TASK TO COMPLETE:
Having located "- Click directly" in the listing below, write out its line and every following line exactly, last line included, without the pictures.

MATERIAL FOR THIS TASK:
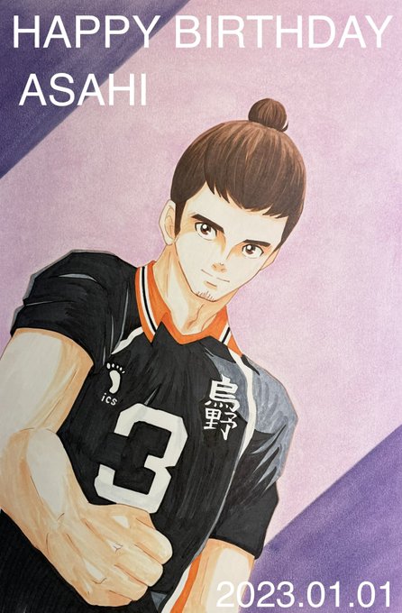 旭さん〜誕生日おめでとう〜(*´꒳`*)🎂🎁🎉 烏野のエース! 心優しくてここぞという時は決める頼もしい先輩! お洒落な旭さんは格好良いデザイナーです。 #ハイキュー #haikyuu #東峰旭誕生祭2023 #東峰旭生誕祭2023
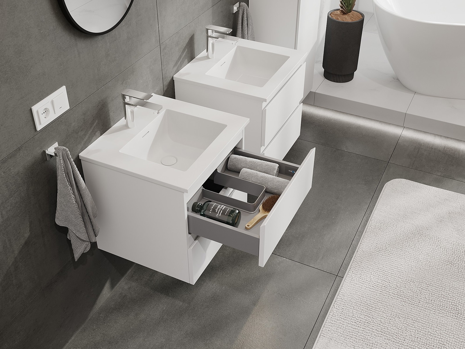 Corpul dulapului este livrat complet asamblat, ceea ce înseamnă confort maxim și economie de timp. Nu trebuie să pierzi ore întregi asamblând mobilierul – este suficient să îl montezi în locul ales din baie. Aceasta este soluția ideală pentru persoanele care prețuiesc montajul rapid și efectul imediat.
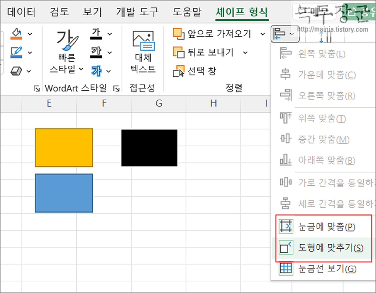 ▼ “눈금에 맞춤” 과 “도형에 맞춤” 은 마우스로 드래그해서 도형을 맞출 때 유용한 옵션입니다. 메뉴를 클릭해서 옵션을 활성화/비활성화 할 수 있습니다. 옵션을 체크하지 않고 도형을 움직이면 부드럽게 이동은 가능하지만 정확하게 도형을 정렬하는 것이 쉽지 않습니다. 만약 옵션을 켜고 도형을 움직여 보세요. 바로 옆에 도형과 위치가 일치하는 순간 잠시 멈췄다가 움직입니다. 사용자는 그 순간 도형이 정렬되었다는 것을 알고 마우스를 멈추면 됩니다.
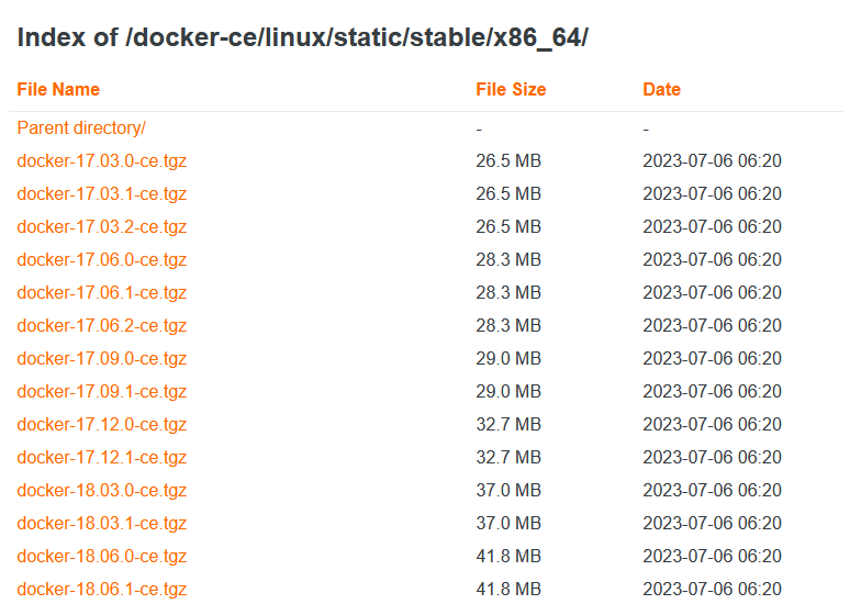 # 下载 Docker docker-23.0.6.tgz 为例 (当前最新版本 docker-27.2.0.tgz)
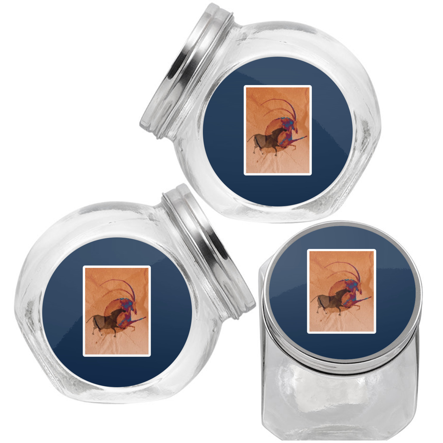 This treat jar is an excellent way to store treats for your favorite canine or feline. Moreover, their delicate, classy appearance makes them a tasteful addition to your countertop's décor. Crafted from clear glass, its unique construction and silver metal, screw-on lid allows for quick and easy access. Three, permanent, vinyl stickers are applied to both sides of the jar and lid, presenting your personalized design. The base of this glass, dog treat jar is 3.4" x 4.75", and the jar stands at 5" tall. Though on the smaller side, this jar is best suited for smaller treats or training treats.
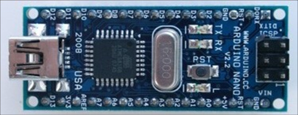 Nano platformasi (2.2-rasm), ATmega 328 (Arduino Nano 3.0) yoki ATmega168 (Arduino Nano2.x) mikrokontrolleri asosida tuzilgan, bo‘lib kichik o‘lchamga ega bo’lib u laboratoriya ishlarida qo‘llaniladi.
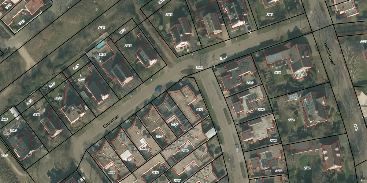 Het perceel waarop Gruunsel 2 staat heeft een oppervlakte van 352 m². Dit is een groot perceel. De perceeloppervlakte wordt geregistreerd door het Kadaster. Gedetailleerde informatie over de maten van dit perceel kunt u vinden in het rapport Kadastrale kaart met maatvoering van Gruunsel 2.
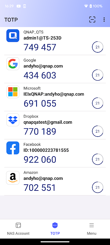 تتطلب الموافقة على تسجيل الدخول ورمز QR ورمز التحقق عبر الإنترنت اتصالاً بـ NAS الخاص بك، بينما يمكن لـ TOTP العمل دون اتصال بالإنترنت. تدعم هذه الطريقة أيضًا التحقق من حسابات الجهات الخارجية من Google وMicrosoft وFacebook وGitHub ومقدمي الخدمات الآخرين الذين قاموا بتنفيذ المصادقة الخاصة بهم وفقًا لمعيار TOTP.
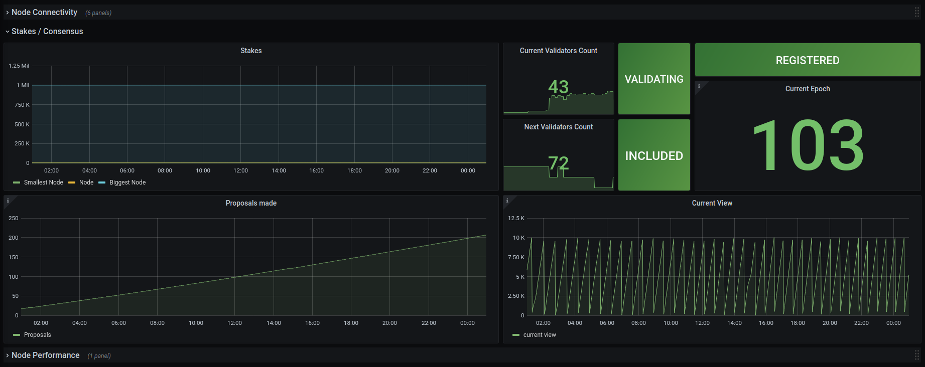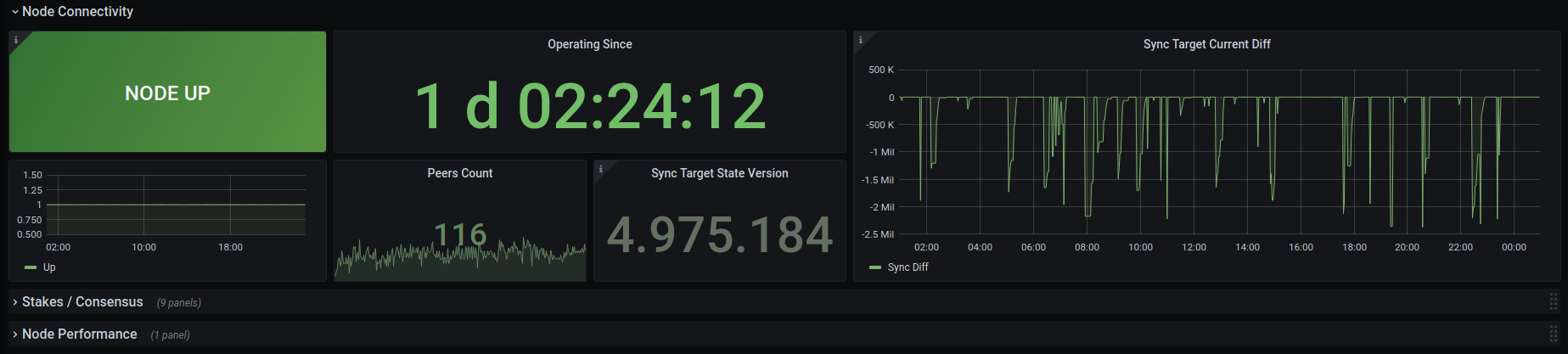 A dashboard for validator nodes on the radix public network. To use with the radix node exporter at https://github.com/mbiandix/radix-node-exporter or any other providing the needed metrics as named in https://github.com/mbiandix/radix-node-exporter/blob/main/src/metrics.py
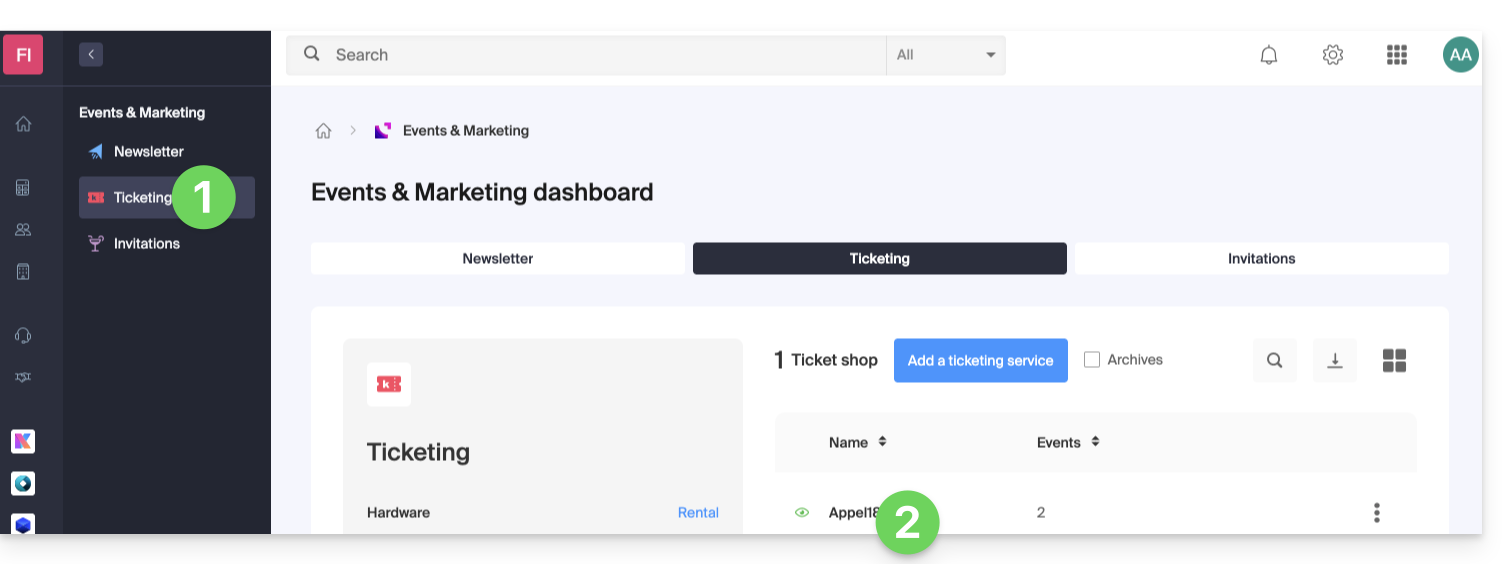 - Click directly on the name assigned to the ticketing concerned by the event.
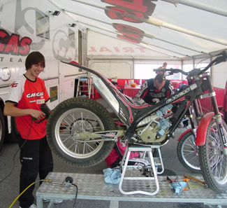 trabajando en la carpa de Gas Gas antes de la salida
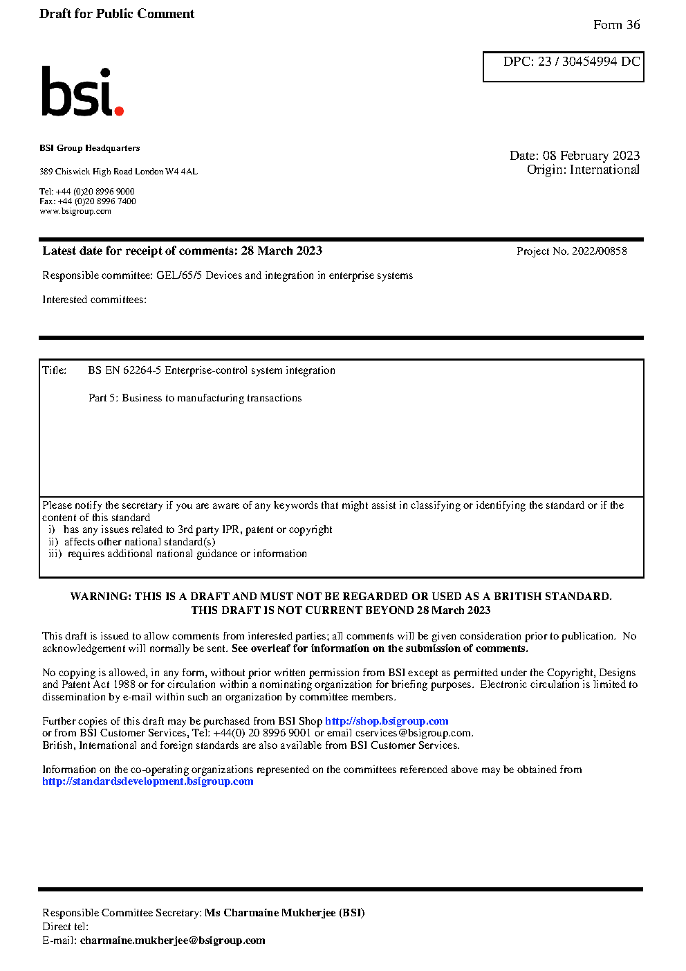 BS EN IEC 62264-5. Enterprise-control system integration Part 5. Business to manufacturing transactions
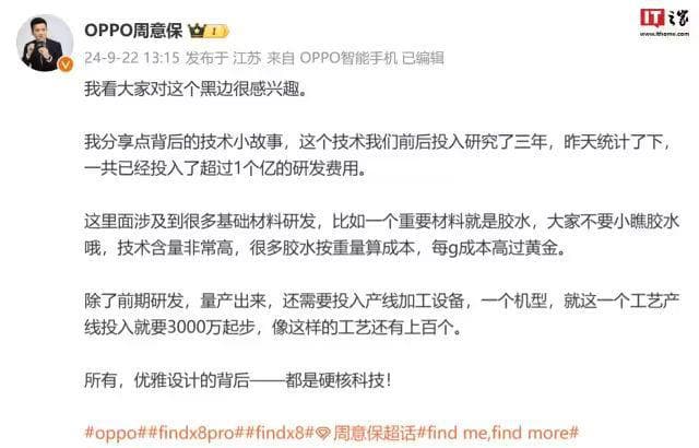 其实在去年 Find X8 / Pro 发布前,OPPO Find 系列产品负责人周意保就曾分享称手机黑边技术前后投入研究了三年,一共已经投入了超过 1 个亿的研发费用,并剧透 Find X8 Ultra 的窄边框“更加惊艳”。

SOLUTION:
 - Click directly on the name assigned to the ticketing concerned by the event.
 trabajando en la carpa de Gas Gas antes de la salida
 BS EN IEC 62264-5. Enterprise-control system integration Part 5. Business to manufacturing transactions
 其实在去年 Find X8 / Pro 发布前,OPPO Find 系列产品负责人周意保就曾分享称手机黑边技术前后投入研究了三年,一共已经投入了超过 1 个亿的研发费用,并剧透 Find X8 Ultra 的窄边框“更加惊艳”。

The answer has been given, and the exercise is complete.